The first one is what do you expect when the Federal Reserve target inflation
rate is 2%. Over a 20, 30, or 40 year time span everything at least doubles in
price.

The second thing that comes to mind is that nowadays everything seems to be a
racket designed to extract as much money from a person as possible. All in the
name of higher stock prices. Look at the number of things that are now
subscription based. Meaning you never actually own anything.

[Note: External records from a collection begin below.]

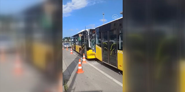 Ümraniye'de 3 İETT otobüsünün karıştığı zincirleme kaza nedeniyle araçlarda hasar oluştu.
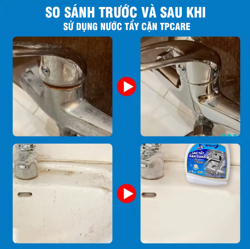 Trước thực trạng cặn canxi bám dày, khó xử lý trong không gian phòng tắm và khu vực sử dụng nước thường xuyên, TPCare đã nghiên cứu và cho ra mắt dòng nước tẩy cặn canxi chuyên dụng, được phát triển riêng dựa trên đặc thù nguồn nước sinh hoạt tại Việt Nam.
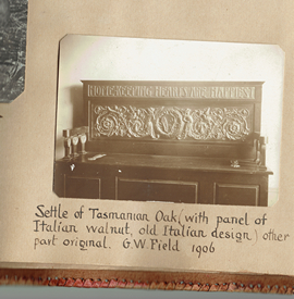 Settle carved 1906 for George. W. Field. DB133 Nellie carved this settle for one of her brothers, George Westfield Field (1862-1935) who married Ethel Archer. They had 8 children. Atkinson says “The design on the back of this settle was unusually elaborate and graceful, and the legend it bore was ‘Home Keeping Hearts are Happiest’”

There is another final thing that stuck in my head when reading the article.
Who and how are "success" being defined. Just because someone doesn't own a
house as big if not bigger than their parents does not mean they aren't
successful. Same thing for cars, clothes, etc.

------
jeffdavis
I consider myself fairly well-informed, but I just don't understand why it is
considered good for people to own expensive cars.

Are people actually not getting where they need to go, or are they just making
their existing cars last longer?

They are an "engine of the economy", but what does that mean? Is it possible
to have a less wasteful engine of the economy? Can something abstract, like
artwork, ever be an engine of the economy?

What would happen if the economy only produced stuff that we really want?
Would that be bad, and if so, how?

------
rchaud
HN mindset: "I despise clickbait. Misleading, editorialized titles designed to
trigger emotional responses? No thank you!"

Reality: this comments section.

------
pitaj
The government has slowly killed the economy. As decades of accumulating
onerous regulation, heavily distortionary policy, and over-taxation catch up
with our economy.

------
HugoDaniel
Why are millennials so associated with being victims ?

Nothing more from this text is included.